Türkiye’nin istikrarsızlaştırılmak istendiğinin altını çizen Bozdağ, muhalefetin yönetilemeyen Türkiye vadettiğini belirtti. Bozdağ, Türkiye’nin bilinmezliğe yol almasına milletin müsaade vermeyeceğini, muhalefetin samimi olmadığını söz etti.

Cumhurbaşkanı adayı ve CHP Genel Lideri Kemal Kılıçdaroğlu’nun Yozgat’ta “Kandil’i terör örgütünün başına yıkmaktan” bahsettiğini aktaran Bozdağ, Kılıçdaroğlu’nun Van’da ise “Selahattin Demirtaş’ı istiyorsanız, Osman Kavala’yı özgür bırakmak istiyorsanız bana oy verin.” dediğini anlattı.
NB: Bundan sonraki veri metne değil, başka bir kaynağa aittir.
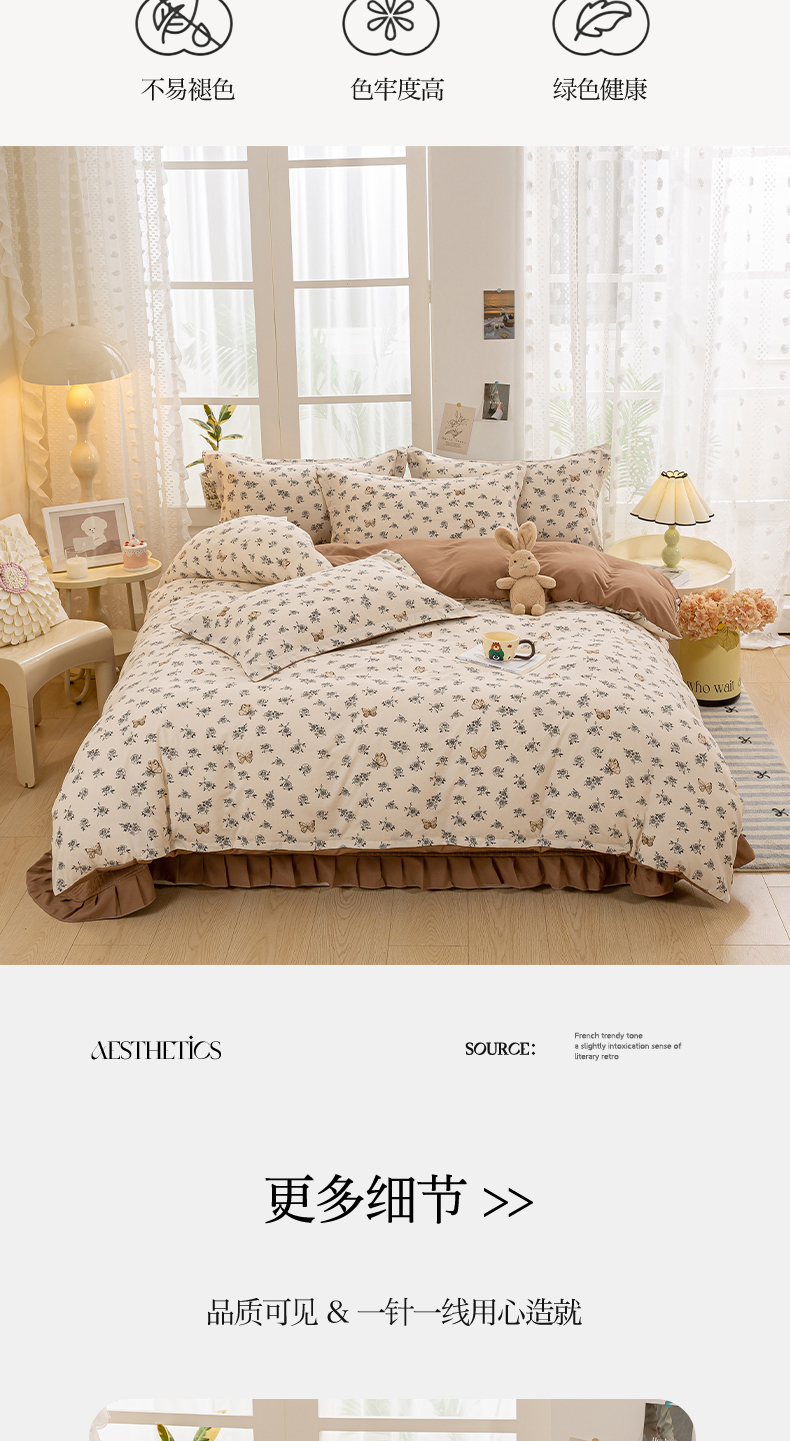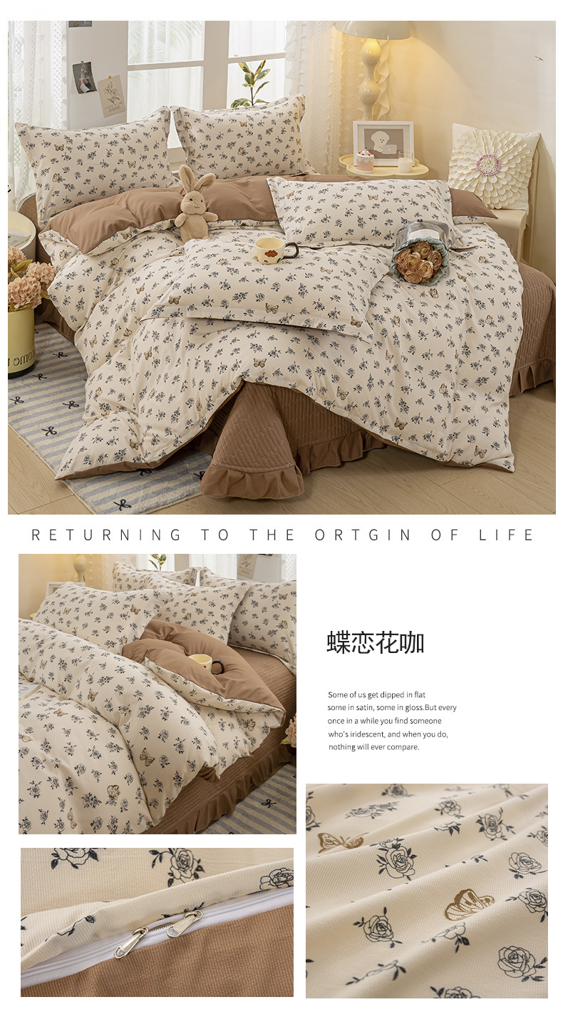 (总)富之航家纺 2024爆款公主风床盖四件套新款小清新提花针织棉床盖四件套,蝶恋花咖,比心,饼干熊,芙蔓,复苏,格调,剪秋,蓝图,梦蝶,蜜桃,莫吉,清欢,素漫,雾里花,相思兰,玉隐

Bakan Bozdağ, şunları kaydetti:

“Şimdi milliyetçi, muhafazakar yerlere gidiyor, yanında milliyetçi muhafazakar birini, toplumsal demokrat olan yerlere gidiyor toplumsal demokrat olan birini, HDP’ye oy veren seçmenlerin ağır olduğu diyarlara gidiyor onlara sempatik gelen birini götürüyor. Bu ne demektir? ‘Benim dediğime siz inanmazsınız lakin benim şahitlerim var, milliyetçilik isteyenler Mansur yanımda ben milliyetçiyim. Toplumsal demokrasi isteyenler bakın benim yanımda Ekrem İmamoğlu var, ben toplumsal demokratım. HDP’ye oy verenler bakın ben de sizin üzere gidiyorum.’ Bir adam üç, beş türlü olur mu? Mansur’la milliyetçilik nidaları atan mı gerçek Kılıçdaroğlu, yoksa Van’da coşup HDP’nin amaçlarına koşan mı gerçek Kılıçdaroğlu. Yoksa toplumsal demokrasi deyip İmamoğlu ile diğer alana yelken açan mı gerçek Kılıçdaroğlu? Bunlar samimiyetsiz, tek sıkıntıları seçmeni aldatmak.
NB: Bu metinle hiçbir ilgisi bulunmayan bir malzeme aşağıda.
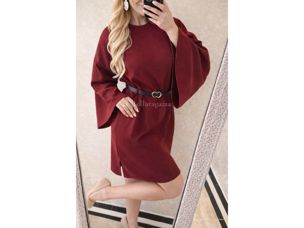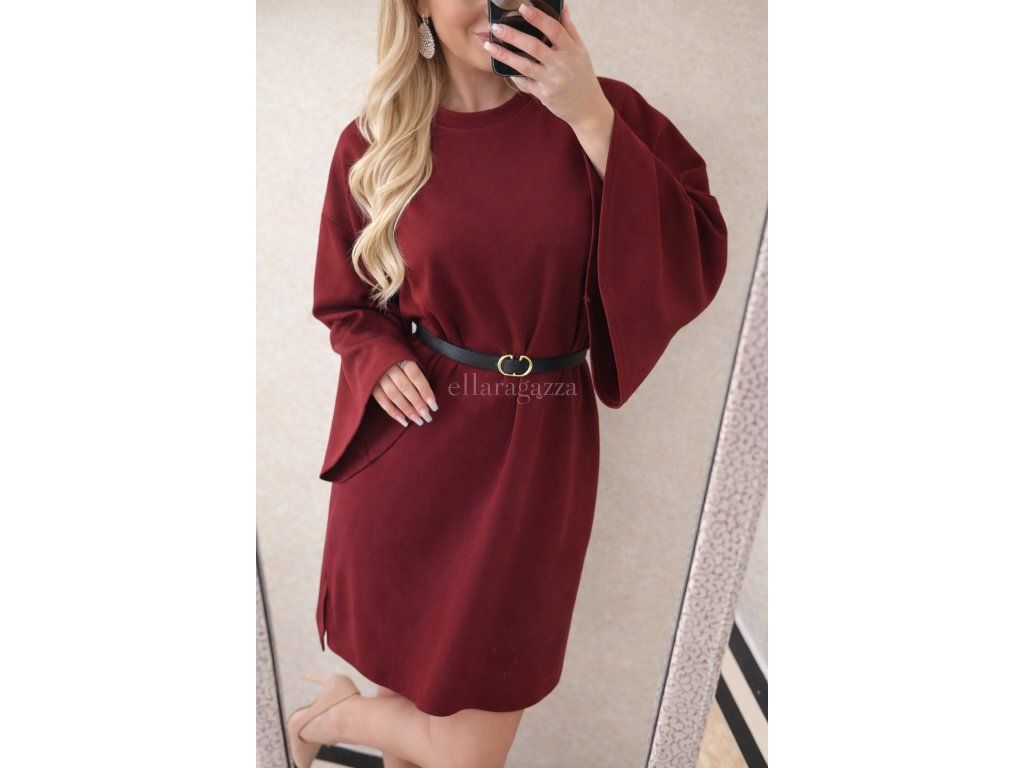 Elegantné šaty s rozšíreným rukávom – Burgundy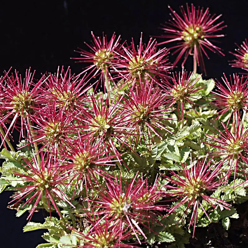 - Stachelnüsschen, rot: Dieses rote Stachelnüsschen bietet mit seinem kupferfarbenen Laub und den roten Fruchtständen eine auffallende Farbgestaltung. Es ist ideal für Steingärten und als Bodendecker, wo es robust und pflegeleicht zugleich ist.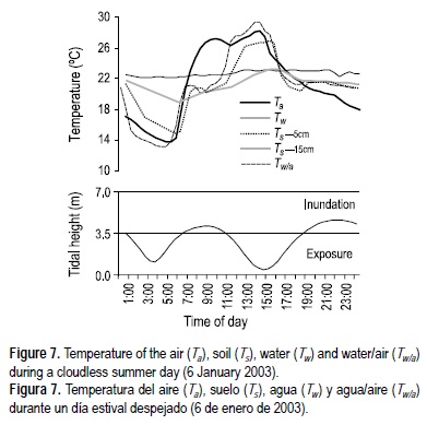 Para estudiar las fluctuaciones de los flujos de calor debidas a la marea, se analizaron diferentes ciclos diarios. Los intercambios calóricos ocurridos durante un día despejado de verano (6 de enero de 2003) se muestran como ejemplo (fig. 6). Las temperaturas registradas en el aire, suelo y agua durante ese día se muestran en la figura 7. Durante las primeras horas del día (00:00-06:30), el suelo (calentado por una inundación previa) se hallaba más cálido que el aire por encima de él, permitiendo una circulación ascendente de QH y QG (figs. 6, 7). La inundación mareal de la mañana (06:40-11:10) detuvo el rápido calentamiento del sedimento por radiación solar, manteniendo su temperatura a ~20.5°C. El flujo de calor en el suelo (QG) se redujo bruscamente durante las horas de inundación. El aire transfirió calor al agua (QH negativo) durante este período. El flujo de calor sensible del aire hacia el suelo alcanzó su máximo (-183 W m-2) cuando la marea se retiró de la planicie y el sedimento estaba 4.1°C más frío que el aire (fig. 7). Durante la bajamar el suelo fue calentado por efecto de la radiación solar, desarrollándose un flujo ascendente de QH. En tanto, QG fue positivo (dirección descendente) alcanzando un valor de 42 W m-2 a las 13:40, cuando la radiación solar y la temperatura del aire fueron máximas. Previamente a la siguiente inundación (17-18 h, fig. 6), el aire estaba 1.7°C más cálido que el sedimento, de manera que QH fue nuevamente negativo (↓). Al mismo tiempo los vientos sustrajeron calor de la planicie mareal (QA positivo). La segunda inundación mareal evitó la pérdida de calor del suelo que hubiese ocurrido por flujos turbulentos si el sedimento hubiese estado en contacto directo con el aire. QG fue nuevamente reducido por la marea, produciéndose a su vez una transferencia calórica desde el agua hacia el aire (QH positivo). El flujo de calor latente mostró un patrón típico, siguiendo el comportamiento de la radiación neta. La condensación fue escasa y ocurrió durante las horas nocturnas (20:00-06:30), en condiciones de alta humedad relativa y bajas temperaturas del aire. La disminución en la velocidad del viento durante la noche también contribuyó al proceso de condensación. El flujo de calor latente no fue determinado de forma directa por los estados de marea debido a que la saturación continua del sedimento de la planicie permitió una disponibilidad permanente de agua para evaporar. El flujo de calor advectivo (residual) (QA) mostró valores positivos o nulos a lo largo del día estival, indicando una sustracción casi contínua de energía calórica de la planicie mareal. Los picos se observaron cuando la marea se retiraba de la planicie (11 h, QA= 367 W m-2) o comenzaba a cubrirla (17 h, QA = 228 W m-2; 6 h, QA = 180 W m-2 ), indicando la importancia de las corrientes mareales y de los vientos en la distribución del calor.

Bir de operasyon partileri var. AK Parti’den oy tırtıklamak için kurulmuş ya da kurdurulmuş partiler. Bazıları ‘Selam verirsek Anadolu ayağa kalkar’ dedi lakin artık millet selamını almıyor. Bunları da âlâ görmemiz lazım. Koltuklar, makamlar, unvanlar, sıfatlar elden gidince farklı yola savrulanlara bu ülkenin emanet edilmesi bu ülkeye yapılacak en büyük kötülüktür.”